400b06: 74 11 je 400b19 <mmaptst+0x239>
400b08: 0f be 42 0d movsbl 0xd(%rdx),%eax
400b0c: 01 c3 add %eax,%ebx
400b0e: 83 fe 0e cmp $0xe,%esi
400b11: 74 06 je 400b19 <mmaptst+0x239>
400b13: 0f be 42 0e movsbl 0xe(%rdx),%eax
400b17: 01 c3 add %eax,%ebx
400b19: 44 89 ef mov %r13d,%edi
. . .
Compiling with gcc 5.3.0 and option march=native
, i.e.,
cc -Wall -O3 -march=native tbytesum1.c -o tbytesum1N
and reading the Ubuntu ISO-file from HD reduces real-time by roughly 10% (152ms down to 138ms), and reduces user-time by roughly 15% (110ms down to 93ms). The generated code uses AMD's vpadd
, vpsrldq
, vpmovsxwd
instructions.
Added 05-Nov-2017: In the blog article "ripgrep is faster than {grep, ag, git grep, ucg, pt, sift}" by Andrew Gallant on the performance comparison between ag
(Silver Searcher) and rg
(ripgrep) he says:
Naively, it seems like (1) would be obviously faster. Surely, all of the bookkeeping and copying in (2) would make it much slower! In fact, this is not at all true. (1) may not require much bookkeeping from the perspective of the programmer, but there is a lot of bookkeeping going on inside the Linux kernel to maintain the memory map. (That link goes to a mailing list post that is quite old, but it still appears relevant today.)When I first started writing ripgrep, I used the memory map approach. It took me a long time to be convinced enough to start down the second path with an intermediate buffer (because neither a CPU profile nor the output of strace ever showed any convincing evidence that memory maps were to blame), but as soon as I had a prototype of (2) working, it was clear that it was much faster than the memory map approach.
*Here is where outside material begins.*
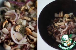 Для горячего нужно разморозить морепродукты. На сковороде поджарить лук, чеснок и морепродукты.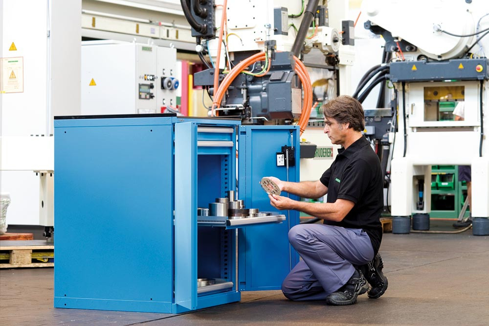 Schubladenschrank m. Flügeltüren, BxTxH 717x600x1020 mm, 4x75 Schubladen 75 kg, Schloss, RAL 5012 E1986713

With all that said, memory maps aren’t all bad. They just happen to be bad for the particular use case of “rapidly open, scan and close memory maps for thousands of small files.” For a different use case, like, say, “open this large file and search it once,” memory maps turn out to be a boon. We’ll see that in action in our single-file benchmarks later.
Added 30-Oct-2023: This post is referenced in Prequel to liburing_b3sum. This article goes into much detail about O_DIRECT
, io_uring
and shows many performance benchmarks. Highly recommended to read.